Reading the next 5 chapters it is very difficult looking back not to be unduly influenced by the Prince's declaration to Nastasya at the end of chap 15. It really effects the attitude that one has of the book so far. If we didn't believe that he was so innocent and guileless then we might have thought that he had been playing a sophisticated and cynical game to get her for himself.
Shrewd of you. Reading Myshkin, one does prognosticate a personality held in check. You meet him and keep reading wanting to believe in the Prince, yearning to believe that he's the only real human being and that everyone else is rotted by their own fallacious spite. You get the sense that his not 'winning' Nastasya is more of a resistance on his part than on hers...that he *could* win her if he wanted to. He's got a way better sense of people than Rogozhin, General Epanchin, Ferdychenko, or Totsky, as evidenced by his conversation with the Epanchin girls.
Chapter 11 has the strange conversation between himself and Ganya where this reader was almost drawn into believing that Ganya might have genuinely regretted attacking the Prince so publicly. Only Dostoevsky mentioning an unseen sarcastic smile gives lie to this thought.
One particular nasty calculating piece of information comes to light in this section and that is the fact that the General was wishing Ganya to marry Nastasya so that he may be "sold" her. The General is appearing a true villain so far with his business techniques, family manner and general lack of morals.

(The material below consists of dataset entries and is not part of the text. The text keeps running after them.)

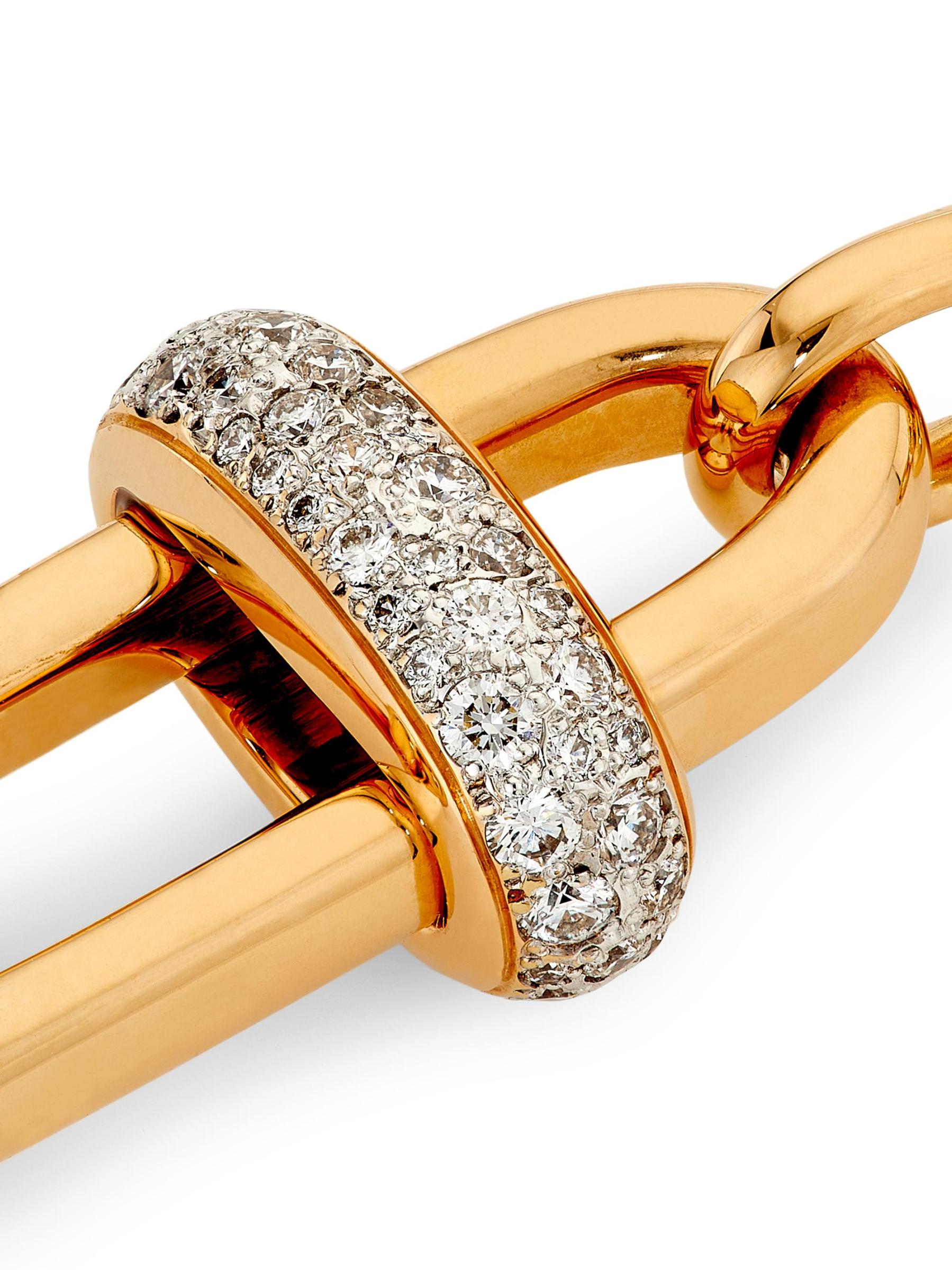 From the Iconica Collection. Pomellato’s bracelet is crafted of 18K rose gold chain and embellished with glittering diamonds.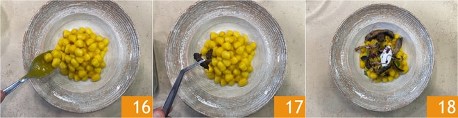 Die Gnocchetti anrichten 16 und die sautierten Pilze hinzufügen 17, dann mit einer Ricotta-Quenelle abschließen. Mit Sprossen und Kürbiskernen garnieren und Ihre Gnocchetti mit Kürbiscreme, Pilzen und Ricotta sofort servieren 18!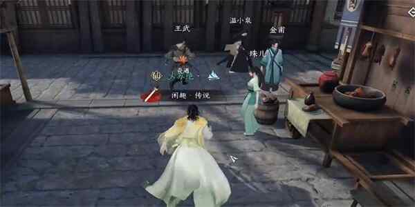 4、接着我们就跟踪温小泉到达了桃花坞,需要阻止他们之间(zhijian)的交易,然后温小泉就逃跑了,我们需要制服住商人王武,就可以获取到寶箱里面的漆塔。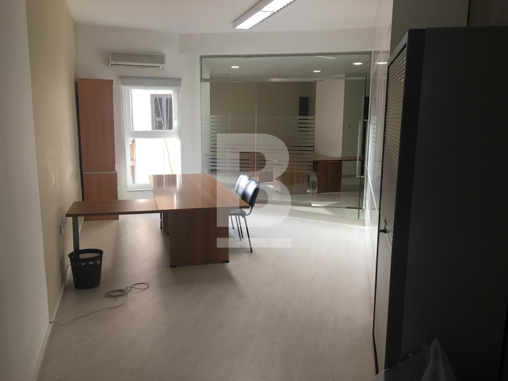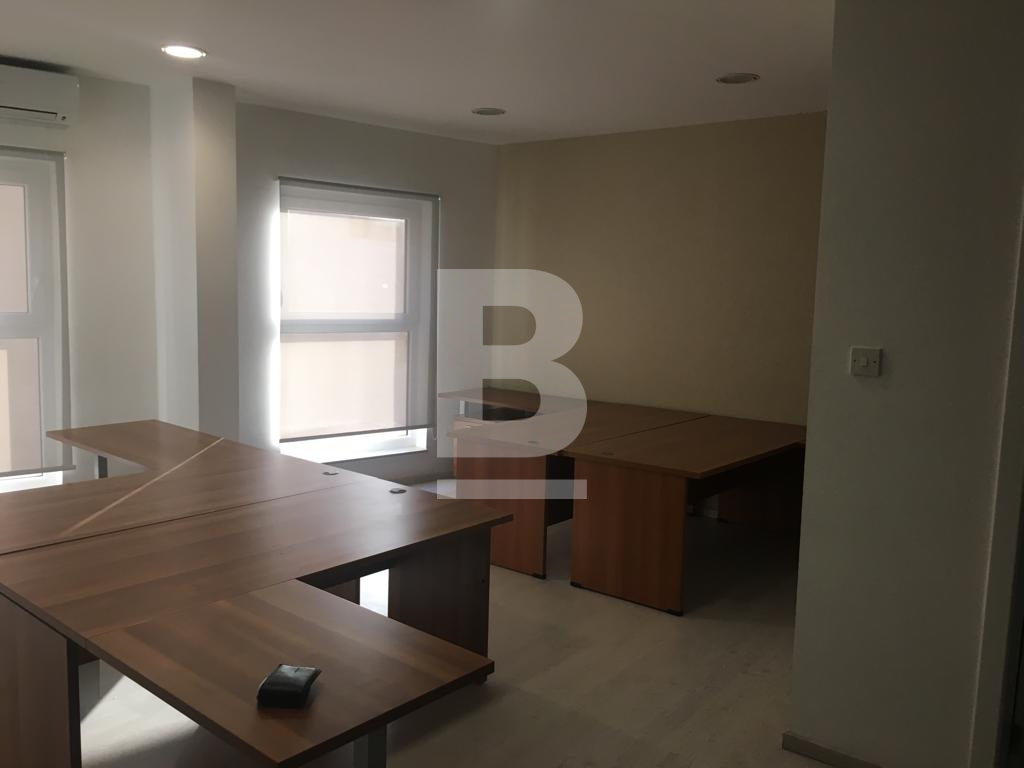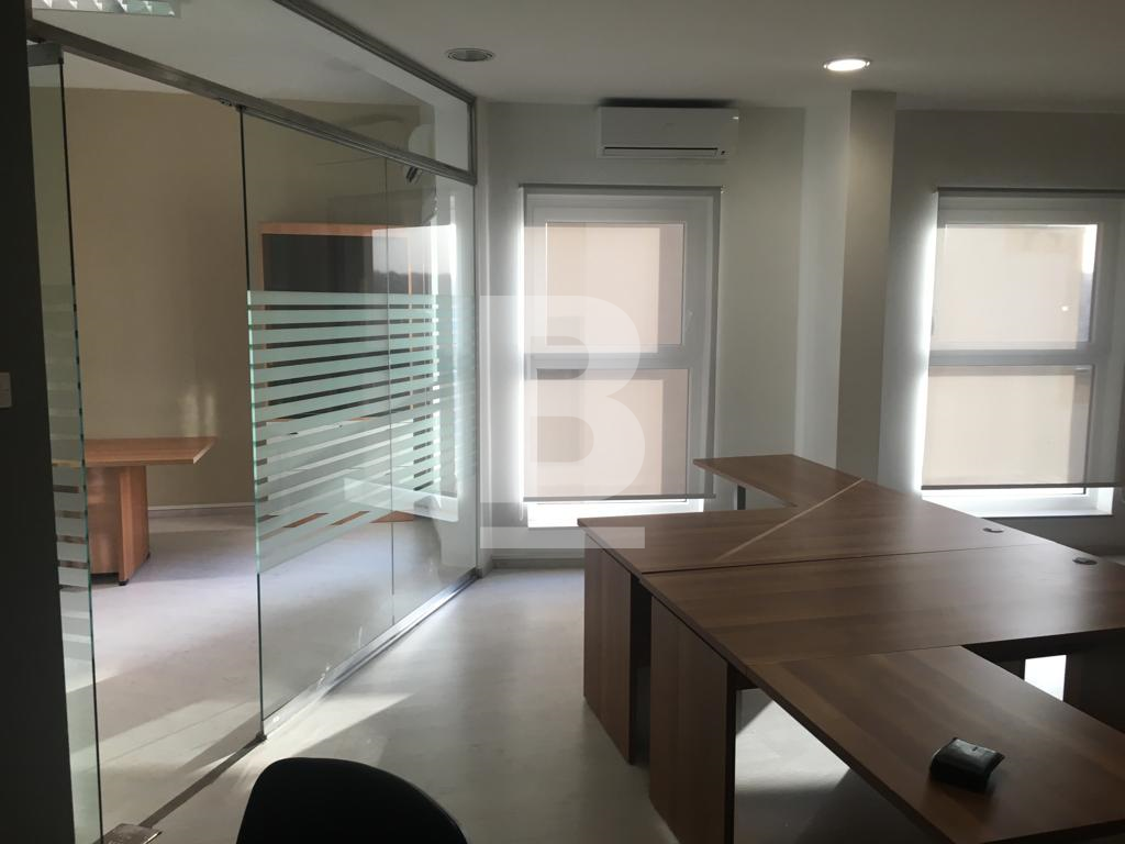 A lovely bright 75 sqm office on the 6th floor in a prime business area of Sliema, surrounded by offices, coffee shops and shopping malls. Comprising of an open plan area of 7/8 desks, a separate glass partitioned room that can be used as a boardroom, a kitchenette, male and female toilets and ac throughout.

His and Totskys reminiscences in the parlour game while lacking the obvious and straightforward evil of the theft of 3 roubles and sacking of a maid mentioned previously, point to their calculating ruling class "crimes" that are even more so inexcusable because they appear to be borne of spite.
200 pages into the book and only 1 day in time covered I cannot really envisage the Prince and Nastasya casting aside all of the finance from Totsky marrying and living in simplicity on a surprise legacy.
Dostoevsky's generals are usually comic figures. Epanchin...well, his 'general' situation can be summed up by the word 'whipped' in conjunction with a synonym for a cat. His days of infamy are long behind him. Though he probably does cheat on his wife with hapless women of a lower economic strata frequently and with impunity, chances are that does so with at least some discretion (he's got a good deal more propriety than, say, General Ivolgin, who keeps a poor mistress and...well, is in debt to her and gets beaten by her). Epanchin sees Nastasya as a fun night, nothing more, really. He doesn't seem particularly distraught by her decision to run off with Rogozhin's crew. The general probably means well in a way unique to his own life position; remember the stigma that followed 'kept women' of Nastasya's ilk in 19th century Russia. If Totsky turned her out of doors, then chances are almost nil that she would ever marry respectably. Epanchin probably figured that by 'selling' her to Ganya, he was arranging a fairly stable situation for her...not to mention indebting her to him, which, well, you know.